Trickle down

An economic theory propounded by W.W.Rostow. It is that economic development of a modern type in a poor country benefits first the rich and later the poor by an automatic process. If it worked it would be because the expanding modern economy required more workers who would gain by belonging to the monetary economy.

The theory is attractive to those who believe governors don't need to take decisions because "the system" will take them. (The cynic wonders if not very intelligent politicians like the idea that they don't need to think.)

In practice it doesn't seem to be true. Brazil is the classic example of a country where both rich and poor co-exist without the poor's condition improving, perhaps because the rich refuse to pay taxes or resist the setting of taxes which would provide social services for the poor - that is, lack the solidarity of feeling they belong in the same community. But the poor of the United States and other "developed" countries may show the same failure of trickle down economics.

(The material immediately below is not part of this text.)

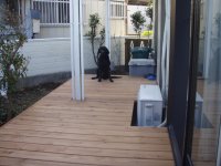 今回、ウッドデッキを購入するにあたって、ホームセンターやインターネット等で色々と探しましたが、最終的に中川木材産業さんのデッキを購入させて頂きました。最初は、木材を自分で加工して製作しようとも思っていたのですが、工具類の用意(購入)や手間を考えキットデッキを購入する事としました。実際の製作には殆ど一人で5時間程度で出来ました。コンクリートのたたきにウッドデッキを設置したので、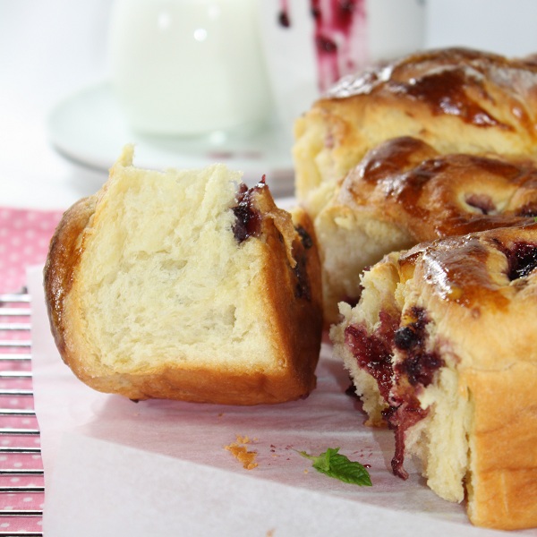 Dignuto tijesto razvaljajte u pravokutnik i premažite omekšalim maslacem i šećerom. Za tim žlicom rasporedite u manjim hrpicama marmeladu, a za tim i pospite suhim voćem. Rub tijesta premažite razmućenim žumanjkom i tijesto uz pomoć krpe ili stolnjaka savijte u roladu. Roladu izrežite oštrim nožem na devet kriški, poslažite ih u četvrtasti kalup obložen papirom za pečenje, a potom ih ostavite da se dižu još 15-tak minuta. Za to vrijeme zagrijte pećnicu na 180 C.

That is, it appears to be possible to maintain a modern economy and a traditional economy in the same country while remaining in more or less separate compartments. The Soviet Union might be another example. In South Africa the two were separated by law. In most former colonial countries there are small groups of people living at a similar level to the richer persons in the west; and a mass of people living on a very small cash income. Study of micro-economic conditions would probably show why trickle down fails to occur. One reason may simply be that modern technological economies employ few unskilled workers.

Another is that poor countries fail to bargain a good price for their assets. In Sierra Leone foreign companies have negotiated contracts which allow them to export raw materials while paying little to the government. The terms of world debts also prevent trickle down as in reality the poorer countries are paying in interest payments more than they receive in aid. Is the idea of Trickle Down anything other than an excuse for the rich to do nothing?

In world terms wealth does not equalize from the developed to undeveloped, presumably because of the tariffs and other trade restrictions which prevent the developing countries from exporting manufactures to the developed areas. Would a genuinely free market achieve this? It might, but we shall probably never find out as voters in the richer countries press for tariff barriers to be maintained against the low wage economies (notwithstanding the WTO agreement which may benefit multinational companies based in the richer countries).

This is related to the problem of Economic Imbalance.